To say the least, he was taken aback when, in the midst of those
ripe years, whose fruitage he had hoped to gather in great peace, he
came again upon tempestuous days. In brief, when past forty, it
befell him to love as he had never loved before, and with an unrest
far exceeding that of youth, for he could not fail to see that the
chances were by rights against him.
“Good Lord!” said Rollinson, when he faced his emotional
condition, “for the heart there is no afterwards!”
But, happily, Bertha did not think so ill of his chances for
happiness as did he himself, and he ventured to hope, although he
was terrified by her calmness and her ability to see from all sides the
subject he could only see from one.
Bertha respected his learning and revered his wisdom—which is
learning hitched to life—and envied his experiences, and exulted in
his grasp of people and things, and in his breadth of vision. She
thought such a grip upon life as he possessed could only come with
years. And compared to these things the disadvantages which also
come with years seemed trifling. Obesity, baldness, and a touch of
ancestral gout were the penalties he had to pay for being what he
was. On the whole, the price did not seem too high. She felt quite
sure that she would ultimately accept him, and that they would marry
and live happily ever after.
This impression was still strong in her mind when, some days after
the conversation recorded, she went with her aunt to a little lunch-
party which he gave in his bachelor apartments.

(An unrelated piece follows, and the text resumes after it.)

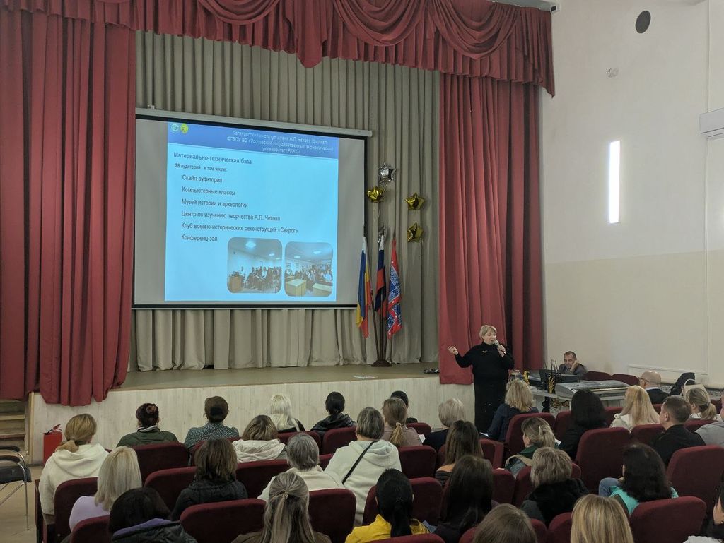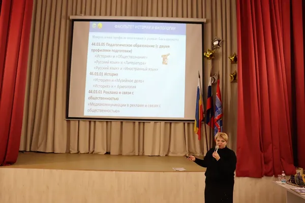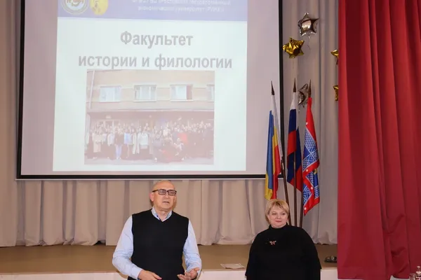 Новости все 19 ноября, 2025 Факультет истории и филологии провел профориентационную встречу с родителями выпускников Неклиновского района13 ноября заместитель директора по научной работе и проектной деятельности Таганрогского института имени А. П. Чехова, профессор кафедры истории Алексей Александрович Волвенко и декан факультета истории и филологии Валентина Анатольевна Агеева провели профориентационную встречу с родителями МБОУ Покровская СОШ «НОК». Открыла мероприятие директор школы Елена Анатольевна Тимошенко, представившая информацию о направлениях сотрудничества с факультетом истории и филологии, в том числе, в рамках договора о «Наставничестве». А.А. Волвенко и В. А. Агеева представили презентацию об учебной, научной и воспитательной работе факультета. Ключевой темой обсуждения стал набор на программы бакалавриата и магистратуры 2026 года. Участники детально рассмотрели особенности следующих профилей: · «История» и «Музейное дело»; ·«История» и «Археология»; · «Медиакоммуникации в рекламе и связях с общественностью». Встреча дала родителям возможность: ·получить исчерпывающую информацию об образовательных программах факультета истории и филологии; · узнать о перспективах профессионального роста для будущих выпускников; · задать вопросы представителям вуза и прояснить интересующие детали. |

Although he modestly spoke of them as being very simple,
Rollinson’s rooms were really a liberal education. He had been about
the world a great deal and had carried with him fastidious taste and a
purse only moderately filled. As he said once, he had never had so
much money that he could afford to buy trash. The result was very
happy. Pictures, rugs, draperies, brasses, ceramics, all were
satisfactory.
“Your things are so delightfully intelligent!” said Bertha, with a
gratified sigh. He found himself by her side as she was inspecting a
bit of antique silver on a cabinet with obvious approval. “It makes me
feel as I have never felt before, what a wonderful thing is taste!”
He smiled. “I am more than repaid if they have pleased you,” he
said. “Will you step this way an instant? I want to show you the thing
I am vain enough to value most of all.”
In the corner which he indicated, hung a picture she had not
noticed, the portrait of a young man about twenty-five. The girl stared
at it with fascinated eyes. “You! Can it be you?” she questioned, with
an accent that was almost a reproach. Ah, how splendid he was, the
painted youth in his hunter’s costume who stood there fixed forever
in all the beautiful insolence of his young manhood! What a mass of
dark hair tossed back from his fine forehead, and what soldierly
erectness in his bearing! How the eyes flashed—those eyes that
only twinkled now! He was radiant, courageous, strong. What a hold
he had on life—one read it in the lines of his mouth, in his eyes, his
brow. What zest, what eagerness of spirit! He was more than all that
she most admired in her lover, and he was young—young!
The girl gave a strange look at Rollinson and then turned back to
the picture again. All fulfilment is pitiful compared with its prophecy,
and in that moment she realized this.
“It was painted by my friend Van Anden, who died too early to
achieve the fame he should have had,” said Rollinson. “All that
toggery I am wearing, which paints so effectively, was part of my
outfit when I went to Africa with my cousin.”
“It is very fine,” said Bertha, with constraint, and then, with an
unmistakably final movement, she turned away from it. Rollinson felt
a sudden, wretched pang. If she cared at all for him, would not she
also exult in this fair presentment of his young years?
After the luncheon had been served and before his guests had
moved to go, he saw with a hopeful thrill that she had gone back to
the picture and was standing before it again, intent and questioning.
He went up to her.
“Bertha! Dearest!” he said, beneath his breath. “After all, you like
it, then?”
She turned upon him sharply. “It is wonderful—wonderful! But you
should not have shown it to me! I do not understand. I—I thought I
could have married you. Now I know that I never can. I—I never
dreamed there was youth like that in the world. Oh, why did you let
me find it out?”
Rollinson stood dumfounded.
“But it is I,” he found voice to plead at last. “Bertha, have the
added years of worthy life made me less deserving of your love? Am
I to be punished for becoming what he only promised to be?”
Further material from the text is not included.